# netbook con gentoo?

## Nio84

Stavo pensando da un po di comprare un netbook , precisamente il Samsung N150 JA0 , secondo voi ci posso mettere gentoo? Non avendo il cdrom come la istallo?

Conviene comprare un netbook? Quali sono i migliori come prezzo?

----------

## ago

Beh gentoo la puoi mettere ovunque, non avendo il cdrom fai il boot da dispositivo usb.

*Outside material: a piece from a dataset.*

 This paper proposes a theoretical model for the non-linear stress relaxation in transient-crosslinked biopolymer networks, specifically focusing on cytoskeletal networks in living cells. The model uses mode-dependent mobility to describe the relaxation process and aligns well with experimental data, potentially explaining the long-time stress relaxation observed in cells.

Considera che con gli atom ci vuole un po per compilare e per i prezzi diciamo che pagandolo un 250€ sei sul giusto...poi ovviamente puoi trovare diversità nei prezzi

----------

## Nio84

L'ho visto a 225 piu 10 euro di spedizione .... un secondo pc mi serve...non ho molta simpatia per i netbook ma purtroppo piu di 250euro non posso spendere e un notebook nuovo a 250euro è impensabile trovarlo.

----------

## ago

allora la soluzione è un netbook...se preferisci puoi anche cross-compilare  :Smile: 

----------

## k01

sto usando proprio in questo momento un acer aspire one e funziona alla perfezione, basta non caricarlo con DE pesanti, io uso LXDE + compiz, quest'ultimo solo per fare scena   :Laughing: 

----------

## cloc3

vai tranquillo.

sono oggetti meravigliosi.

personalmente, li preferisco, per la compattezza e la leggerezza, ai portatili tradizionali.

i migliori erano i primi. quelli senza hard-disk, che tenevano tutto su una flash da 4-16 GB.

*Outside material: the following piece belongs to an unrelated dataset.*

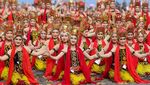 Banyuwangi - Seribuan penari Gandrung tampil di Pantai Boom Banyuwangi dalam Festival Gandrung Sewu. Festival menampilkan keindahan budaya dan semangat masyarakat Osing.

per il tuo, la compatibilità con Linux sembra testata.

----------

## Nio84

quindi neanche con atom450 niente kde........   :Sad: 

----------

## ago

oddio...c'ho visto kubuntu....mai dire mai  :Very Happy: 

Potresti provare kde/openbox

----------

## k01

no, volendo lo puoi mettere, ma per i miei gusti risulta pesante

----------

## Peach

 *The Extremer wrote:*   

> no, volendo lo puoi mettere, ma per i miei gusti risulta pesante

 

quoto 

considera anche le dipendenze, imho gli unici due DE fattibili sono LXDE o XFCE

ovviamente avere a disposizione un'altra macchina che aiuti nella compilazione allevia molto il carico e facilita il tutto.

----------

## fbcyborg

Per compilare la distribuzione non c'è problema se hai un altro PC più potente.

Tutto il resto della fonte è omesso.